Fabio Cherstich, che collabora intensamente con l’ex Salone Pier Lombardo ed Andrée Ruth Shammah da un decennio, firma così la sua sesta regia di una produzione targata Parenti dopo Niente più niente al mondo di Massimo Carlotto (2013), L’inquilino di Fabio Banfo (2014), Bull di Mike Bartlett (2016), Cabaret tragico – Opera Panica (2017) e Opera panica extralarge (2020) di Alejandro Jodorowsky.

Un cazzo ebreo è stato scelto come libro dell’anno da diverse testate internazionali – come The Times Literary Supplement, che l’ha definito “Il libro più audace degli ultimi anni” – ed è in corso di traduzione in 12 paesi.

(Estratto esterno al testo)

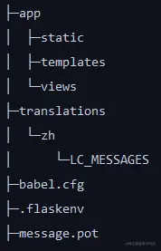 与此同时,通过BABEL_DEFAULT_LOCALE以及BABEL_TRANSLATION_DIRECTORIES分别来配置默认语言以及默认翻译文件存储路径,如果不配置翻译文件默认存储位置,flask-babel默认会去app/translations目录下查找,这与我们翻译文件的路径是不一样。

Nata in Germania nel 1987, Katharina Volckmer ha scritto e pubblicato in inglese: “Mi ha permesso di prendermi più libertà. Anche Freud se avesse dovuto dire qualcosa di sconveniente avrebbe usato il francese”.

Una storia controversa sin dal titolo. Torrenziale,  provocatorio, a tratti insopportabile ma anche atrocemente divertente,  lucido e delirante allo stesso tempo, Un cazzo ebreo è un flusso di pensieri che la protagonista lascia scorrere tra inconfessabili fantasie sessuali legate a Hitler e al nazismo, il racconto di incontri di sesso occasionale nei bagni pubblici, la deplorazione della pessima cucina tedesca fino all’ammissione di quello che è il nodo cruciale della sua vita interiore: l’impossibilità di sentirsi a proprio agio in un corpo di donna.
Sia Volckmer che il suo personaggio hanno una sola priorità: rompere il silenzio. E il silenzio dell’analista è il muro contro cui testardamente, dolorosamente, la protagonista continua a sbattere la testa.

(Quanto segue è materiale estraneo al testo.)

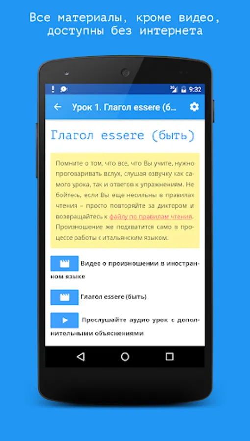 - all materials (except for the Video section) are located on your device and do not require an Internet connection to use.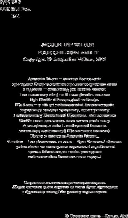 Джаклін Вілсон – авторка бестселерів про Трейсі Бікер та повістей про життя сучасних дітей і підлітків – сама понад усе любить читати. І на почесному місці на її полиці стоїть книжка Едіт Несбіт 'П’ятеро дітей та Ельф'. Ще б пак – у ній усі найпотаємніші бажання героїв збуваються завдяки казковому, всемогутньому і небезпечному Псаммідові! Щоправда, діти з книжки Несбіт жили давненько, мало не сто років тому.
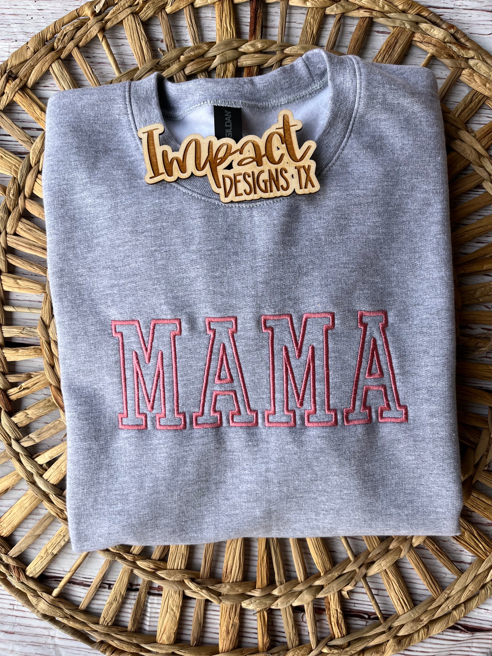 Pink “MAMA” on grey gildan sweatshirt. You are purchasing the exact item pictured! Feel free to email me at impactdesignstx.com if you would like to order this item in a different size, color or text combination!

Il regista Fabio Cherstich ha colto al volo l’idea della direttrice del Teatro Franco Parenti Andrée Ruth Shammah, lavorando all’adattamento teatrale del libro con la collaborazione della stessa Katharina Volckmer: “la donna e il dottor Seligman sono all’interno di uno spazio mentale” spiega nelle sue note di regia: “non lo studio di un medico ma un dispositivo visivo in cui attraverso l’utilizzo di lenti traslucide, vetri opalescenti, filtri fotografici, il corpo della protagonista e la sua immagine appaiono al pubblico in una forma mutevole e continuamente trasformabile, fluida e misteriosa”.
Attraverso un dispositivo visivo che rende il palcoscenico un laboratorio per le immagini, Fabio Cherstich rappresenta scenicamente il percorso mentale che porta al cambio di sesso della protagonista, un caleidoscopio di pensieri che invadono il suo cervello e sembrano modificare la percezione che lei stessa ha del suo corpo e della sua storia.
Cherstich non vuole solo farci sentire la voce della protagonista ma vuole anche farci vedere cosa si sta affastellando e formando nella sua immaginazione: ci chiede di diventare testimoni di un processo di distruzione di sé che è anche un inno alla complessità e alla fluidità di quello che siamo, di quello che potremmo osare essere e di quello che saremo: “Facciamoci oro, dottor Seligman. Cambiamo forma nei secoli, ma senza scomparire”.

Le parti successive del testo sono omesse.